Mike said:
Mayan Calendar didn't account for Leap Years.. we should of all been dead 7 months ago.
bitch please
The Mayans actually had three calendars: one that was essentially a solar calendar, another that was a religious calendar, and a third calendar that was used for keeping historical records. This third calendar is the only one that's relevant to your question, because this is the one that some people are using to predict the end of the universe.
This long-count calendar isn't a calendar as much as a counting system. You know how we use a base-10 counting system? (10, 100, 1000, 10,000 etc.) The Mayans used a modifed base-20 counting system for keeping track of days - the second cycle went up to 18 rather than 20. So they tracked days in cycles of 20, 360, 7200, 144000, 2880000, etc.

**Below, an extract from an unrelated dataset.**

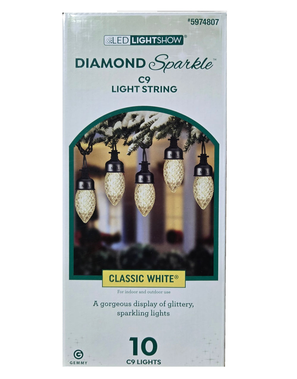 Put on a glittery display of sparkling lights this holiday season with a Diamond Sparkle light string. Each C9 bulb has a faceted cover that delivers a magnificent light effect. This set of 10 C9 bulbs includes classic white light and an astonishing 90 LED lights, with 9 per bulb. It's perfect for outdoor holiday decorating along rooflines, in trees or anywhere you enjoy Christmas lights. Includes bright, energy efficient LED lights. Ten C9 Lights. Color: Classic White. Connect up to 18 LightShow sets end to end. Indoor/Outdoor Use. Total Length 10.5-ft, lighted length 9-ft.
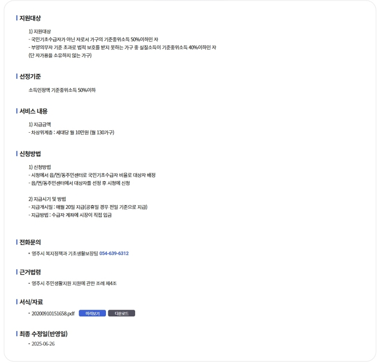 마지막으로 상세 내용을 확인하는 화면이에요. 누가 지원받을 수 있는지(지원대상), 어떤 기준으로 선정되는지(선정기준), 그리고 가장 중요한 신청 방법까지 자세하게 나와 있어요. 내용을 보니 거주지 읍/면/동 주민센터에 직접 방문해서 신청해야 하더라고요. 연락처도 있으니 미리 전화해보고 가는 것도 좋겠죠.

We're coming to the end of one of the 144,000 day cycles. The concept of leap-years is irrelevant to this calendar system, because it's not based on solar years, simply on pure math. I've got no opinion of whether the calculated date of Dec 12, 2012 as the end of the cycle is accurate. But if it is inaccurate, it's for reasons that have nothing to do with leap years.
HOWEVER, the scientists who translated/interpreted the calendar did. So the "date" of when the calendar ends is us taking into account leap years.
We correlate any date between the two calendar systems by matching a known dated event in the Mayan system to the Julian date, then adjust to the Gregorian. The Mayans did not need Leap Years, and they are automatically adjusted in the Western calendar, so they have absolutely no bearing on this problem.